Description
For this assignment, you will build a simple analysis program that will compute basic statistics
for a list of DNA strings. Your program should work as follows:
-The program will accept as a command line argument the name of a text file that will contain an
arbitrary list of DNA strings. (ie. ~/assign1/filename.txt) DNA strings consist of a sequence of
nucleotides (A,C,T, or G). There will be 1 string per line of the file. No guarantees on
capitalization.
-The program will then compute the sum, mean, variance, and standard deviation of the length of
the DNA strings in the list. It will also compute the relative probability of each nucleotide
(A,C,T, or G), as well as the probability of each nucleotide bigram (AA, AC, AT, AG, CA, CC,
CT, CG, etc) across the entire collection.
-The program will output the labeled results to a file called yourname.out. At the top of the file,
output your name, student id, etc.
-After printing the summary statistics to yourname.out, you will generate 1000 DNA strings
whose lengths follow a Gaussian distribution with the same mean and variance as calculated
above. The relative frequency of nucleotides will also follow the statistics calculated above.
Append the 1000 strings to the end of yourname.out.
-The program will then ask the user if they want to process another list.

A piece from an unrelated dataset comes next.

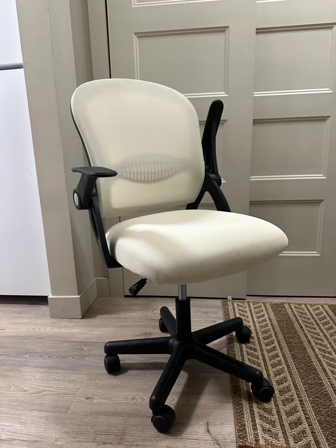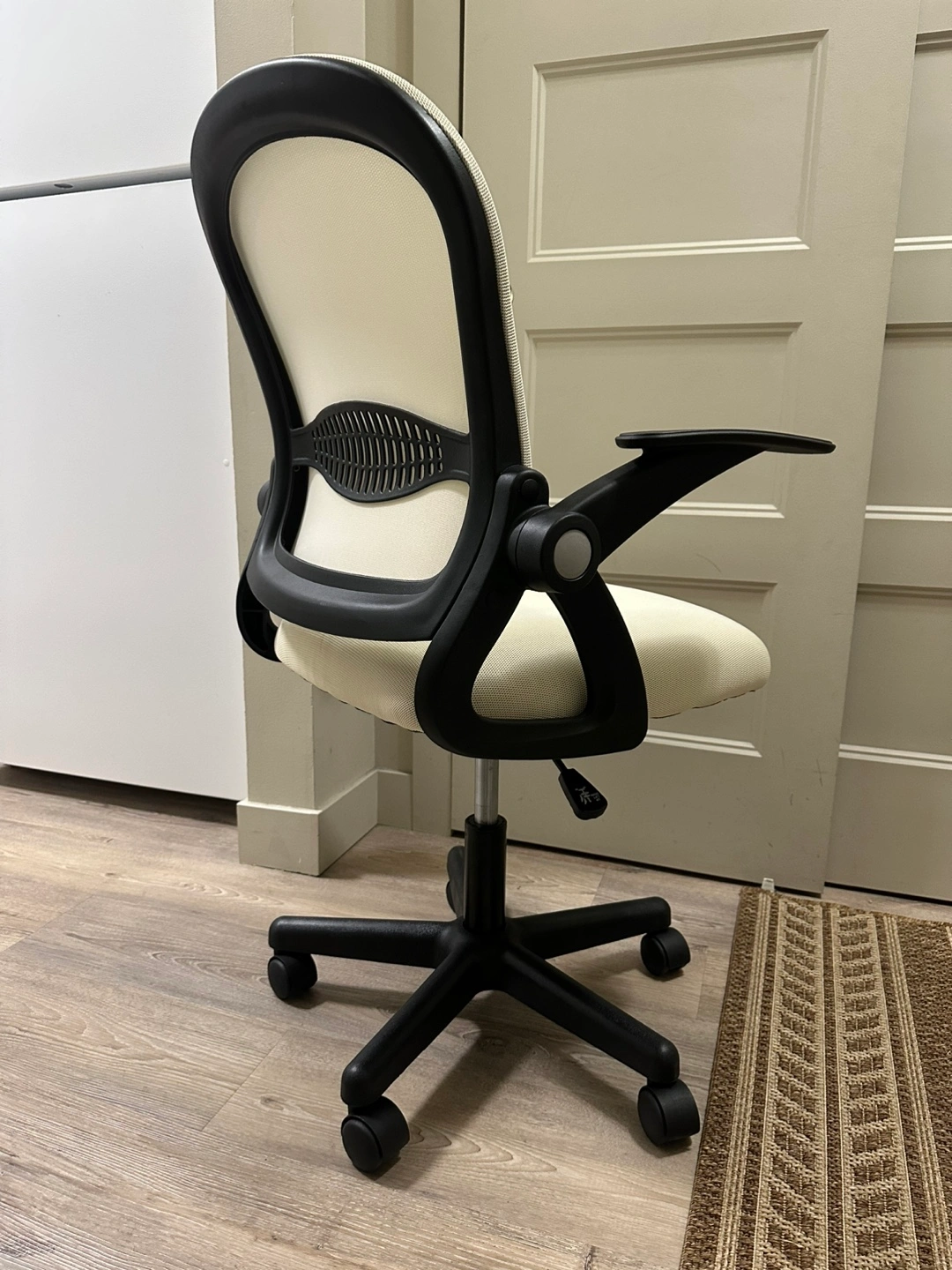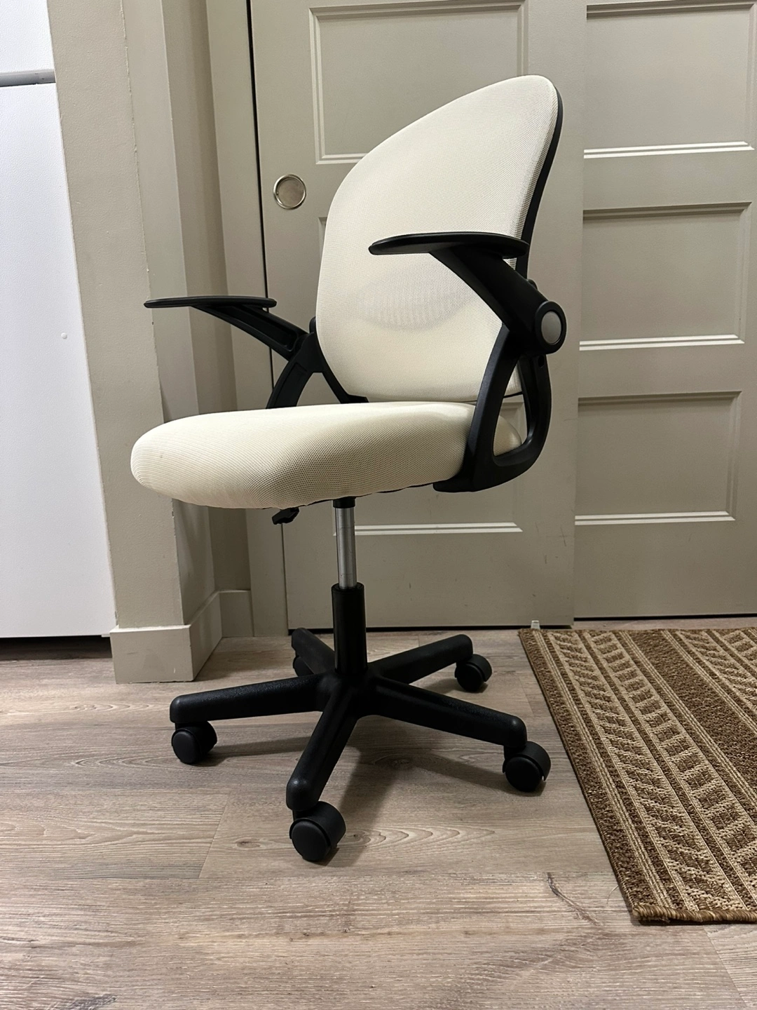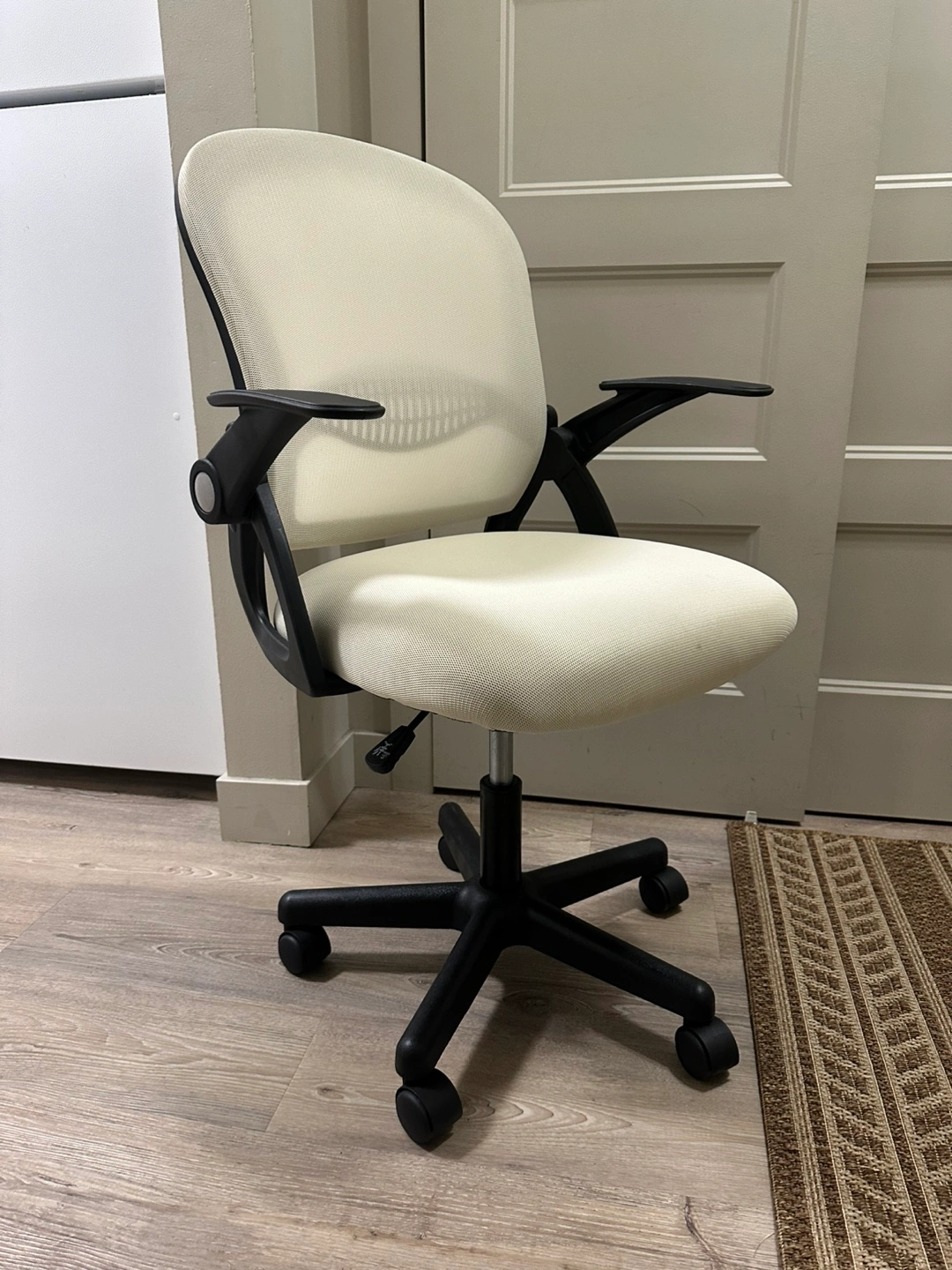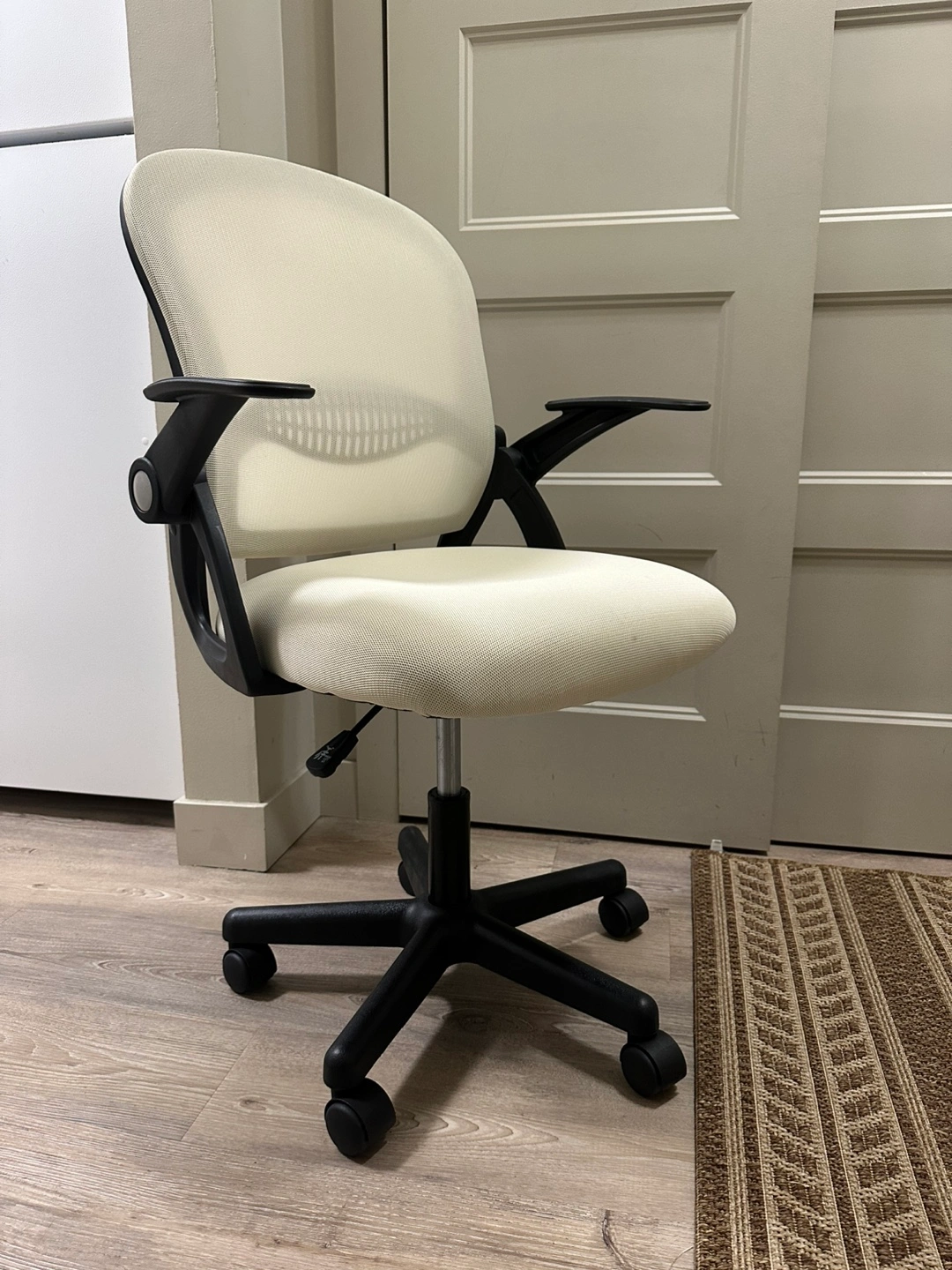 Brand new ergonomic home office swivel desk chair with a breathable mesh back, pneumatic gas-lift height adjustment, 360° rotation, and space-saving flip-up armrests, upholstered in elegant cream fabric. Available for pickup in Red Deer.
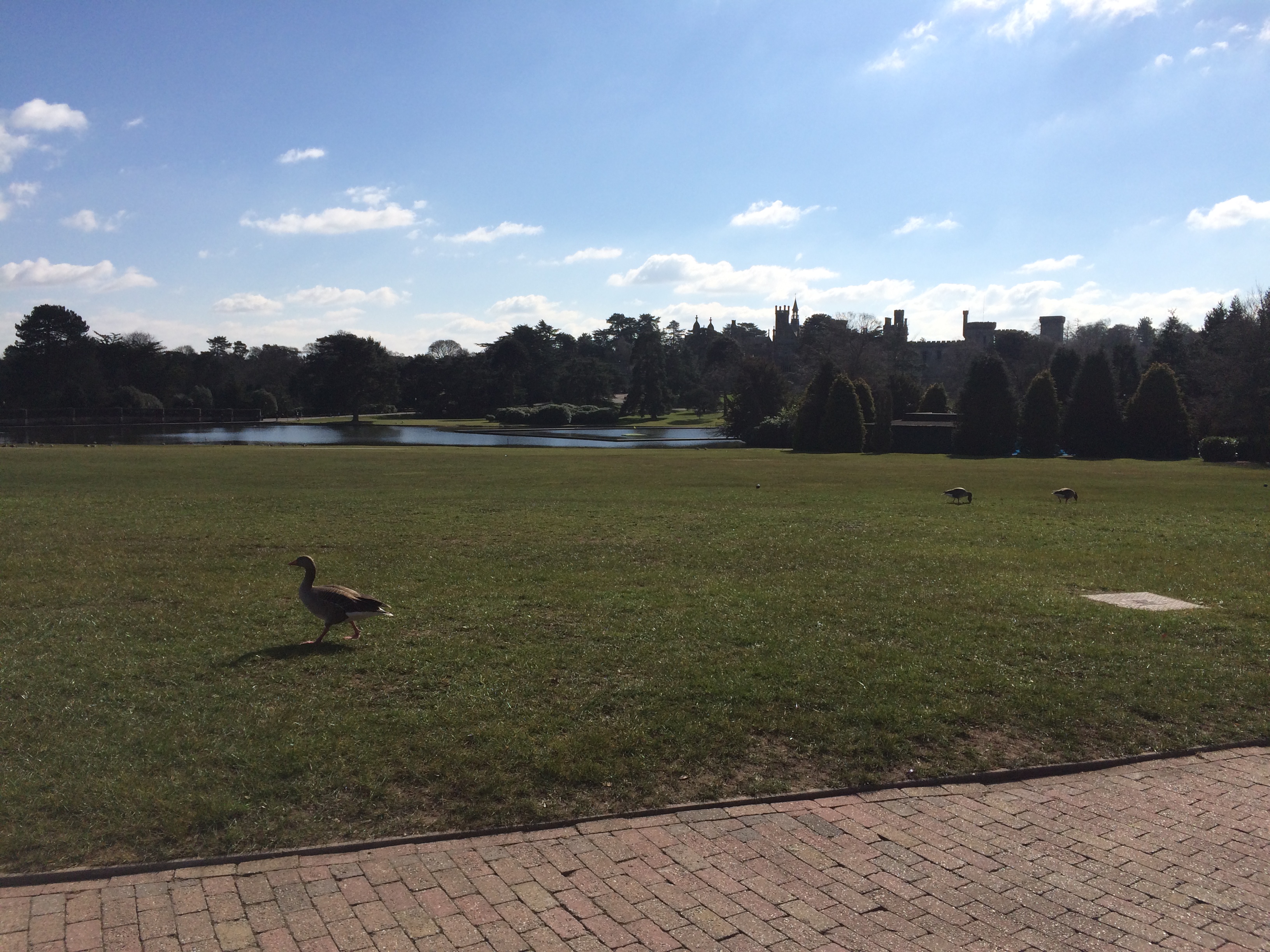 So langsam komme ich wieder im vorderen Parkbereich an, von dem aus man die Towers fast überall ganz gut im Blick hat. Auf der äußerst größen Rasenfläche welche die Sichtachse Eingang - Towers unterfüttert tummeln sich zahlreiche Gänse und Enten.

-If not, the program will exit. If so, the program will prompt for the name of the next file, process
it, and append the results to the output file.
Hints
To generate the length of a string from a Gaussian distribution with mean µ and variance
σ
2
, you can use the rand() function (normalized – see RAND_MAX) to generate 2
random numbers, a and b, uniformly distributed in [0,1). Using the Box-Muller
transform it is then possible to compute a random variable C, such that:
C = sqrt(-2 ln (a)) * cos(2πb)
Here C is a standard Gaussian with mean 0 and variance 1. You can then convert to a
normal random variable D with mean µ and variance σ
2 as follows:
D = σC + µ
Note that here we use the standard deviation, σ, which as you know from basic statistics
is simply the square root of variance.
The Rules
– You may NOT use any non-primitive data structures to do the math. (No arrays,
Vectors, Lists, etc) Just use individual primitive variables (int, double, etc) and std
strings. Hopefully this will convince you that data structures make programs more
efficient and easier to write. (Though I suspect you know this already…) Of course, to
do the file processing you may use any of the C++ IO classes.
– For this assignment, you must work individually. You may work in pairs in future
assignments, but I want you all to write some code on your own first.
– Develop using any IDE you want, but make sure your code runs correctly with g++.
Make sure to provide a Makefile so I can build your code easily. (See “Assignments” for
a sample Makefile.)
– Feel free to use whatever textbooks or Internet sites you want to refresh your memory
with C++ IO operations, just cite them in a README file turned in with your code. All
code you write, of course, must be your own.
Due Date
This assignment is due at 11:59pm on 9-13-2017. Submit it using Blackboard following the
submission instructions available under “Course Documents”. We’ll spend a few minutes
discussing your experience with this assignment in class.
Grading
Grades will be based on correctness, adherence to the guidelines, and code quality (including the
presence of meaningful comments). An elegant, OO solution will receive much more credit than
procedural spaghetti code. I assume you are familiar with the standard style guide for C++,
which you should follow. (See the course page on Blackboard for a C++ style guide.)